Endlich mehr Platz zu Hause


Der Dachboden ist vollgestellt mit lauter Kram, im Keller passt kein Blatt mehr zwischen die Kisten- manchmal ist Besitz mehr belastend als bereichernd. Dann wird es Zeit auszumisten. Wir haben Menschen auf dem Nachtflohmarkt getroffen, die sich erfolgreich getrennt und ein paar Euro verdient haben.
Die einen misten aus, die anderen misten ein: Der Nachtflohmarkt im Isernhagenhof ist wortwörtlich ein Geben und Nehmen.

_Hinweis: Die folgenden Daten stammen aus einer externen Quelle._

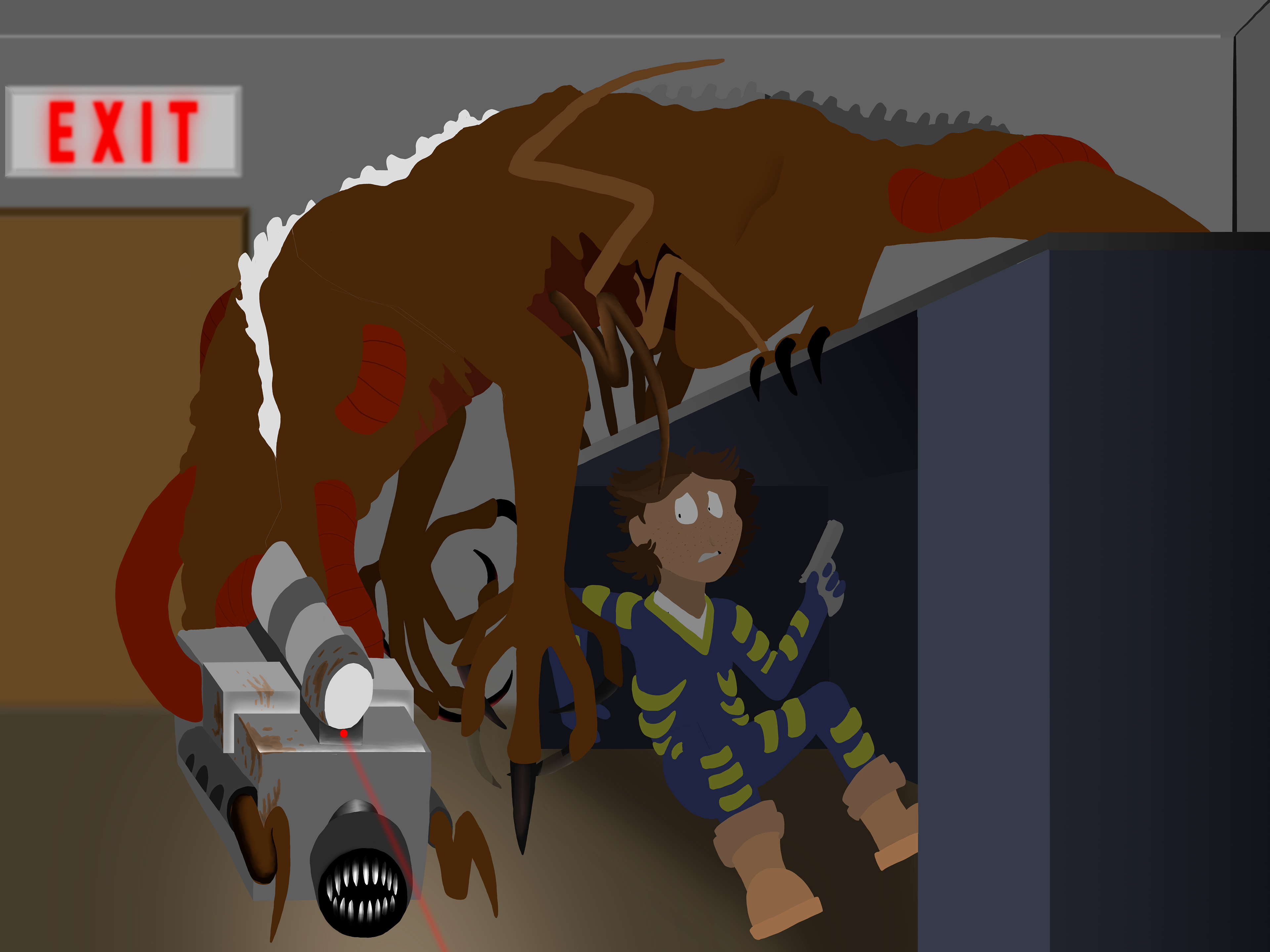 The Camera Crew was a somewhat of a challenging picture. Drawing the pose of the monster and drawing the details in its neck proved to be a hard detail to pin down. The pose that the monster was in was inspired
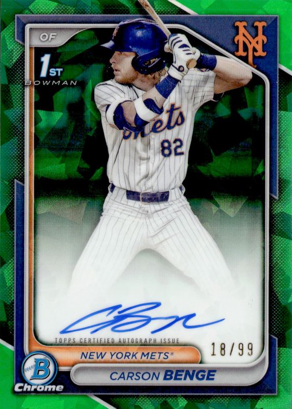 Best Prices Available For Sale of Carson Benge 2024 Bowman Draft Sapphire Edition #CPA-CBG Chrome Prospect Auto - Green /99 (1st)
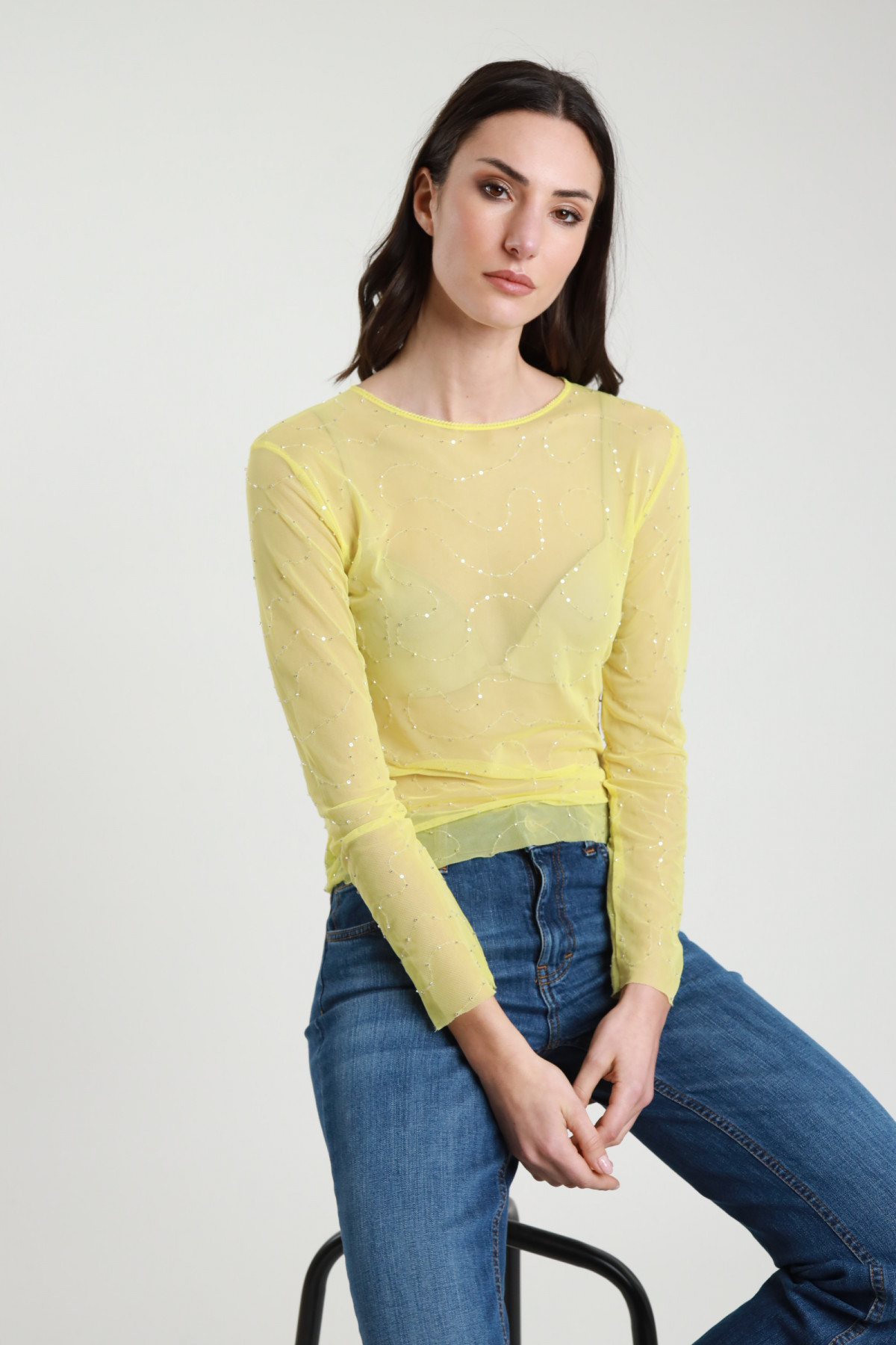Maglia in Tulle con Ricami Perline
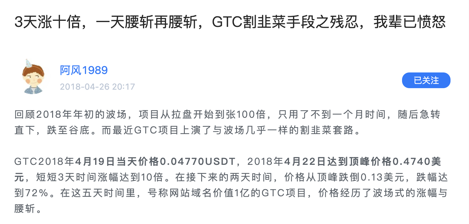 回顾2018年年初的波场,项目从拉盘开始到张100倍,只用了不到一个月时间,随后急转直下,跌至谷底。而最近GTC项目上演了与波场几乎一样的割韭菜套路。
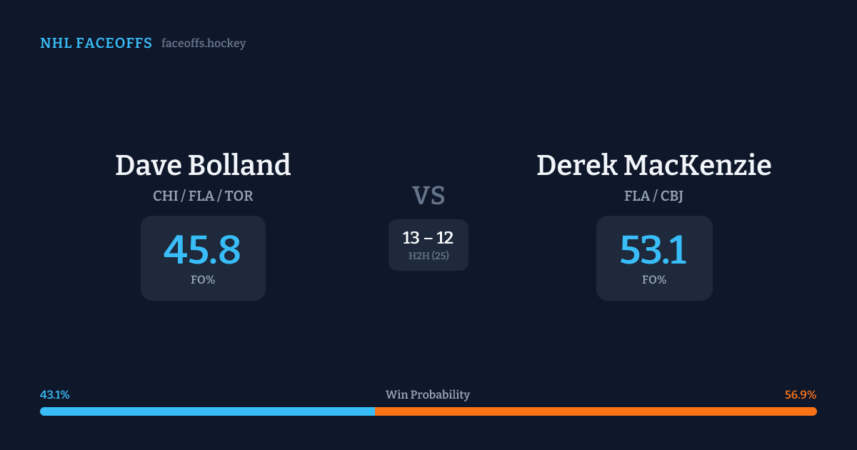 Dave Bolland vs Derek MacKenzie — Faceoff Head-to-Head
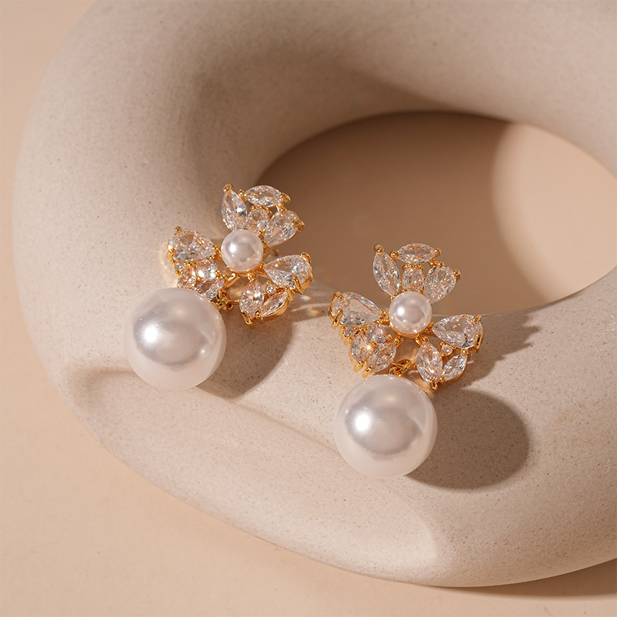 Kubischer Zirkon (CZ) Messing Ohrring, mit Kunststoff Perlen, goldfarben plattiert, Modeschmuck & Micro pave Zirkonia, goldfarben, 37x20mm, verkauft von Paar
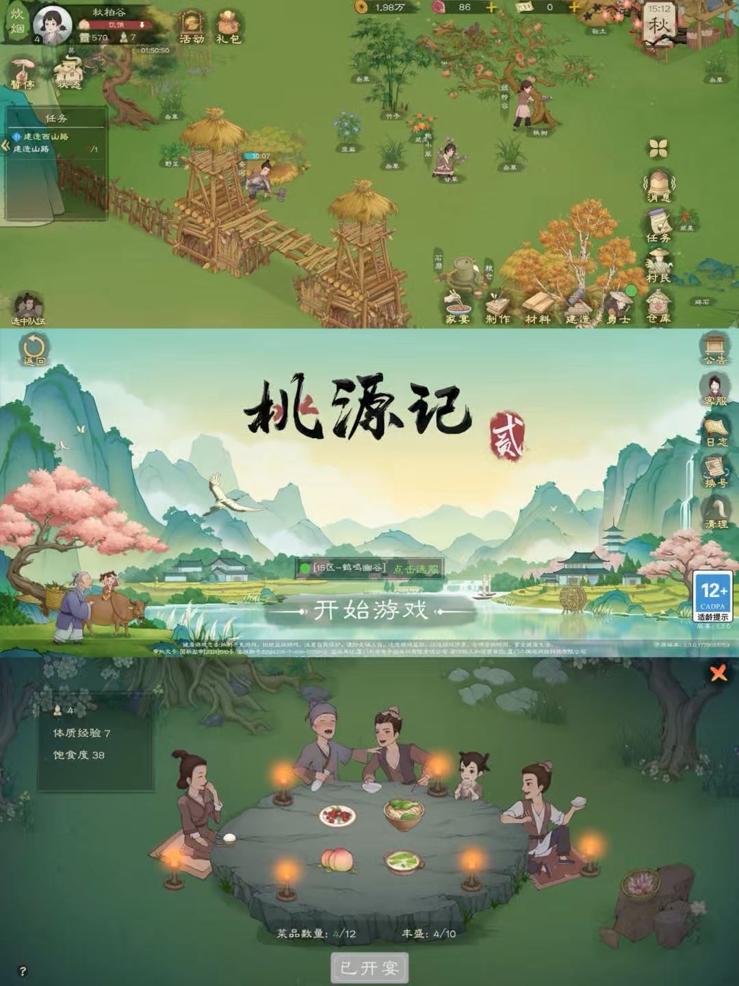·不是纯种田的手游,而是有压力的生存游戏(不过没有饥荒那么夸张)!!! ·《桃源记2》,P1。 ·游戏平台:安卓/IOS。 ·国风模拟生存创造游戏。 ·水墨风格还是很好看的~但是这里的村民是需要吃饭治病打怪的,得通过不断发展壮大村子让人们越过越好~玩一下时间就过去了…… ·缺点也是有的,0氪金的话,村民太少了,资源根本没办法收获太多~资源没办法整理,只能整理自己创造的建筑,强迫症不友好~ - #新
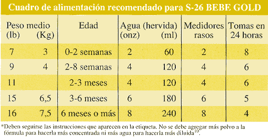 2. Cuadro para la preparación de mayores cantidades de S-26 BEBE GOLD.
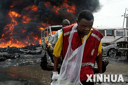 在2002年1月27日尼日利亚拉各斯的兵营爆炸事件中被毁的房屋。2002年1月29日尼日利亚国家电视台发表尼总统奥巴桑乔的一份声明,宣布拉各斯伊科嘉兵营27日发生的大爆炸为『国难』,全国各地下半旗向死难者致哀。奥巴桑
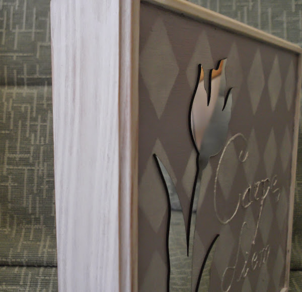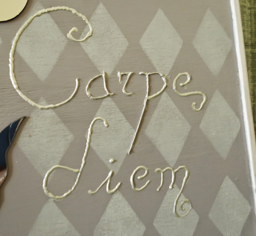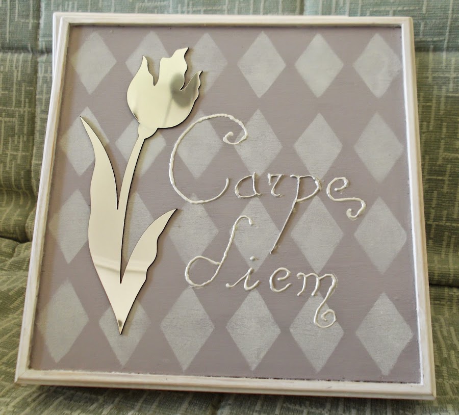Por último le pego un pequeño espejo con forma de flor y con pintura en relieve escribo la leyenda "Carpes diem" (Vive el momento)
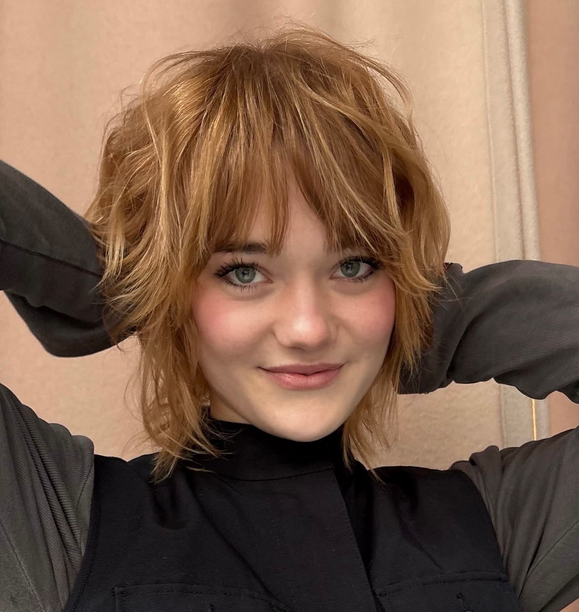 This tousled bob cut is both soft and sassy. While shaggy layers give out your rebellious nature, the choppy bangs soften facial features, making the style really cute. If you have straight hair texture, curl up your cut for a fuller look.
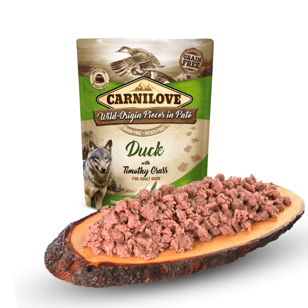 1x Patê Natural Pato com Timothy Grass Carnilove 300g → Proteínas hipoalergênicas e fibras naturais para digestão saudável.
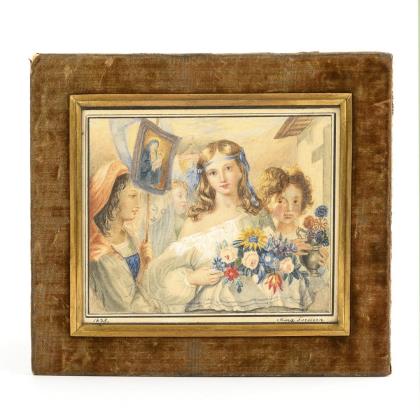 Biedermeier-Miniatur: Marienprozession.
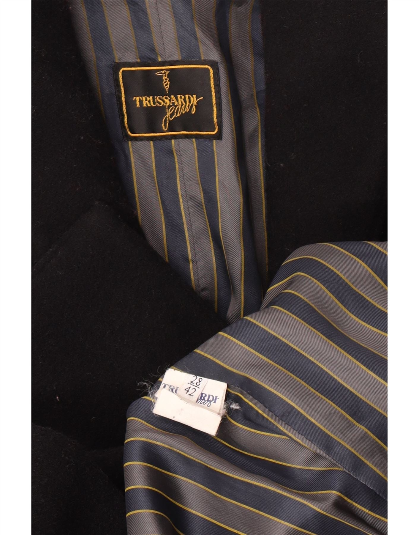 Damski płaszcz dwurzędowy Trussardi Jeans IT 42 Średni czarny dziewiczy wełna

Die einen misten aus, die anderen misten ein: Der Nachtflohmarkt im Isernhagenhof ist wortwörtlich ein Geben und Nehmen.

© Carina Bahl

Isernhagen. Sie haben Kisten, Tüten, Wäschekörbe und Kleiderständer voll mit Sachen in den Isernhagenhof geschleppt. Es ist Freitagabend und Nachtflohmarkt in der Farster Bauerschaft. Etwa 30 Verkäufer bieten Liebhaberstücke neben ungeliebten Geschenken, Ausgedientes neben Unbenutzem an. Auch Patrick Gulle, seine Frau und Tochter haben zu Hause ausmistet: Comichefte vom Vater, Geschirr der Mutter, Babysachen von der Tochter. „Mir geben inzwischen sogar Freunde und Verwandte ihre Sachen mit, damit ich diese für sie verkaufe“, sagt Gulle. Nicht nur die Verkäufer auf dem Nachtflohmarkt, im Grunde beschäftigt sich früher oder später jeder einmal mit dem Ausmisten, um zu Hause nicht den Überblick zu verlieren. Derzeit nennt der Durchschnittseuropäer etwa 10?000 Gegenstände sein eigen. Und es wird eher mehr als weniger. Aufräumcoach Clemens Neuhauser aus Hamburg weiß warum: „Wir Menschen sind Sammler.“ Was sich im Laufe der Menschheitsgeschichte als Überlebensstrategie bewährt hat, ist heute in Zeiten des Überflusses eher hinderlich. Wir horten Dinge, selbst wenn wir sie nicht gebrauchen.

Lena Ahrens ist als Käuferin auf dem Nachtflohmarkt, immer auf der Jagd nach Neuem: „Ausmisten müsste ich unbedingt auch mal, aber Einkaufen macht mehr Spaß“, gesteht die 30-Jährige. „Aber wenn ich so in meinen Schuhschrank gucke, kann ich mich einfach nicht trennen.“ Und das, obwohl sie viele ihrer Schuhe lange nicht mehr angezogen habe. Sich zu trennen, fällt nicht leicht – auch das ist typisch für die Menschen. Was einmal uns gehöre, geben wir ungern her, sagt Aufräumcoach Neuhauser. Doch Aufräumen ist letztlich nichts anderes, als Entscheidungen zu treffen: Das kann weg kann, das darf bleiben. Und manchmal braucht es nur einen bestimmten Anlass, um mit dem Ausmisten loszulegen. So wie bei Flohmarktverkäuferin Brigitte Seja. Manches, das sie auf ihrem Tisch zum Verkauf anbietet, sind sogar Dinge, die sie mal geschenkt bekommen hat. Aber Seja sieht das pragmatisch: „Irgendwann muss man sich davon trennen“, sagt sie. „Außerdem ziehe ich um.“ Das sei der richtige Zeitpunkt zum Aufräumen und Aussortieren.